Woman in Green: … milk. No way. This is the worst lie — wait, I’m going to explain it to you. They came up here – and they’re not even giving away medicine because so-and-so has to come and make sure you’re actually sick – they gave this away which is supposedly a “Cup of School Milk”. This is water. [Tears open bag; water pours out]. It’s water. And it says “Cup of School Milk”. Look.
Woman Recording: How? And how are they giving it away?
Woman off-Screen: It’s water!?
Woman in Green: It’s water.
Woman Recording: Show it to me so I can record it.

In a third video also uploaded yesterday, a large crowd of Guasdualito residents appears to break into an aid truck in an attempt to distribute aid:

Citizens of the El Aeropuerto sector of Apure state blocked a local road this morning to protest the lack of help they have received from the government. A local woman named Olivia spoke to Globovision, saying:

We decided to close the street because they don’t care about us. We live in the El Aeropuerto sector. We don’t have water, food, soap, sanitary napkins, nor gas. 14 trucks carrying gas arrived, but they all went to other sectors. They’re not supplying us with anything. They don’t supply us with food. There are 270 people in the community and they haven’t given us groceries, or shoes or medicine. We want the President to help us.

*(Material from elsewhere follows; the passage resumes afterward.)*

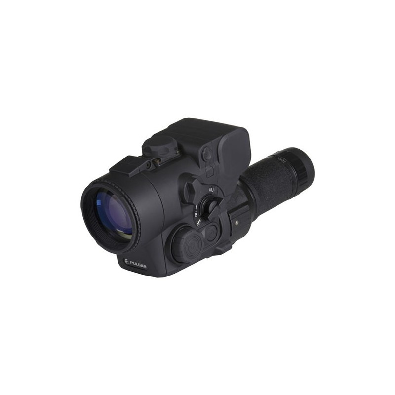 The DN55 Digital NVD Forward Attachment from Pulsar is a DFA75 digital night vision device with a 10x32 eyepiece. You can attach this NVD to your riflescope objective by removing the included eyepiece and using a select optional adapter. This NVD features a Sony ICX-255AL 0.33" CCD with a resolution of 500x582 pixels and provides resistance to bright light. In addition to using the built-in Micro OLED display, the video port and included cable allow you to use it with an external monitor or a recording device.

Olivia also said that many residents have been forced to sleep underneath trees or by the side of roads due to the fact that they have lost their homes and have nowhere else to go.

Relief Truck Attacked; Civil Protection Officer Killed

A truck carrying relief supplies to Guasdualito was attacked by a group of individuals yesterday. During the attack, Civil Protection officer Rogelio Montilla was killed, and his counterpart, Jose Hernandez, was injured.

The truck was carrying food, medicine, and clothes. According to Ultimas Noticias, the truck driver attempted to drive away or evade the attackers somehow, causing the truck to crash and resulting in Montilla’s death.